The Weierstrass family were devout liberal Catholics all their lives; the father had been converted from Protestantism, probably at the time of his marriage. Karl had a brother, Peter (died in 1904), and two sisters, Klara (1823-1896), and Elise (1826-1898) who looked after his comfort all their lives. The mother died in 1826, shortly after Elise’s birth, and the father married again the following year. Little is known of Karl’s mother, except that she appears to have regarded her husband with a restrained aversion and to have looked on her marriage with moderated disgust. The stepmother was a typical German housewife; her influence on the intellectual development of her stepchildren was probably nil. The father, on the other hand, was a practical idealist, and a man of culture who at one time had been a teacher. The last ten years of his life were spent in peaceful old age in the house of his famous son in Berlin, where the two daughters also lived. None of the children ever married, although poor Peter once showed an inclination toward matrimony which was promptly squelched by his father and sisters.

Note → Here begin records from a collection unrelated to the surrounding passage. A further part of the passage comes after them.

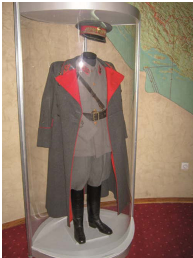
Bij de vlucht langs de touwladder moest Tito zijn uniform achter laten. Het werd buitgemaakt door Duitsers, een schrale troost.

Kaart van Joegoslavië waarop operatie Rösselsprung met de Duitse troepenbewegingen in blauw en de partizanen in rood aangegeven.
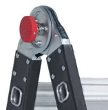
Articulations robustes à verrouillage automatique
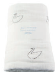
L2062 ★やわらかガーゼマルチタオル 白鳥 1,800円 (税込1,980円) サイズ/約w680 × h1100mm 素材/綿100% 日本製 【出荷単位 2】
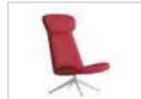
MYPLACE | Poltrona a 4 razze
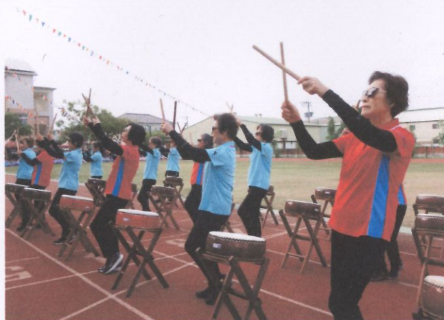
推廣社區運動量—樂齡成員—太鼓
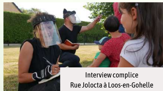
Interview complice Rue Jolocla à Loos-en-Gohelle

Au fur et à mesure des rencontres, nous communiquons sur son existence sur les réseaux sociaux, il est aussi disponible sur le site internet à l'adresse : https://www.crisdelaube.fr/carnets-de-quartier et visible à différents endroits du quartier et affiché chaque jour (quartier général, panneaux d'affichages, halls d'immeubles...).
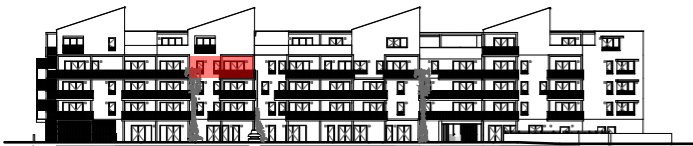
Repérage - Façade Sud :
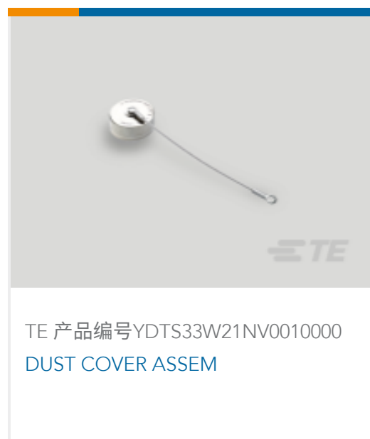
TE 产品编号YDTS33W21NV0010000 DUST COVER ASSEM
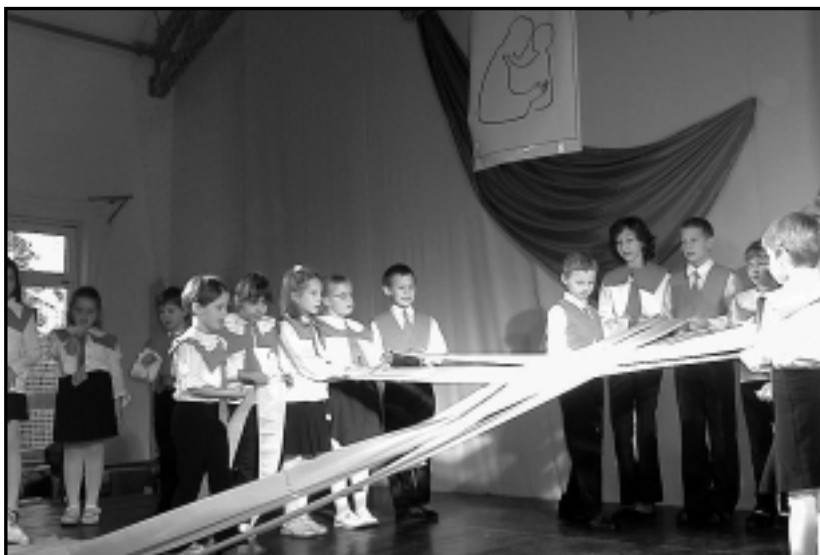
JELENET A GYEREKEK ÜNNEPI MŰSORÁBÓL
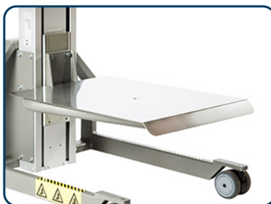
Lastbord rostfritt eller aluminium
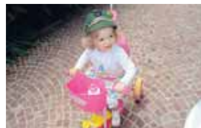
Alice col suo trabiccolo all'adunata degli Alpini (Pietro Gandolfi)

One possible discord in the natural sociability of the children was the father’s uncompromising righteousness, domineering authority, and Prussian pigheadedness. He nearly wrecked Peter’s life with his everlasting lecturing and came perilously close to doing the same by Karl, whom he attempted to force into an uncongenial career without ascertaining where his brilliant young son’s abilities lay. Old Weierstrass had the audacity to preach at his younger son and meddle in his affairs till the “boy” was nearly forty. Luckily Karl was made of more resistant stuff. As we shall see his fight against his father—although he himself was probably quite unaware that he was fighting the tyrant—took the not unusual form of making a mess of the life his father had chosen for him. It was as neat a defense as he could possibly have devised, and the best of it was that neither he nor his father ever dreamed what was happening, although a letter of Karl’s when he was sixty shows that he had at last realized the cause of his early difficulties. Karl at last got his way, but it was a long, roundabout way, beset with trials and errors. Only a shaggy man like himself, huge and rugged of body and mind,
could have won through to the end.
Shortly after Karl’s birth the family moved to Westernkotten, Westphalia, where the father became a customs officer at the salt works. Westernkotten, like other dismal holes in which Weierstrass spent the best years of his life, is known in Germany today only because Weierstrass once was condemned to rot there—only he did not rust; his first published work is dated as having been written in 1841 (he was then 26) at Westernkotten. There being no school in the village, Karl was sent to the adjacent town of Münster whence, at fourteen, he entered the Catholic Gymnasium at Paderborn. Like Descartes under somewhat similar conditions, Weierstrass thoroughly enjoyed his school and made friends of his expert, civilized instructors. He traversed the set course in considerably less than the standard time, making a uniformly brilliant record in all his studies. He left in 1834 at the age of nineteen. Prizes fell his way with unfailing regularity; one year he carried off seven; he was usually first in German and in two of the three, Latin, Greek, and mathematics. By a beautiful freak of irony he never won a prize for calligraphy, although he was destined to teach penmanship to little boys but recently emancipated from their mothers’ apron strings.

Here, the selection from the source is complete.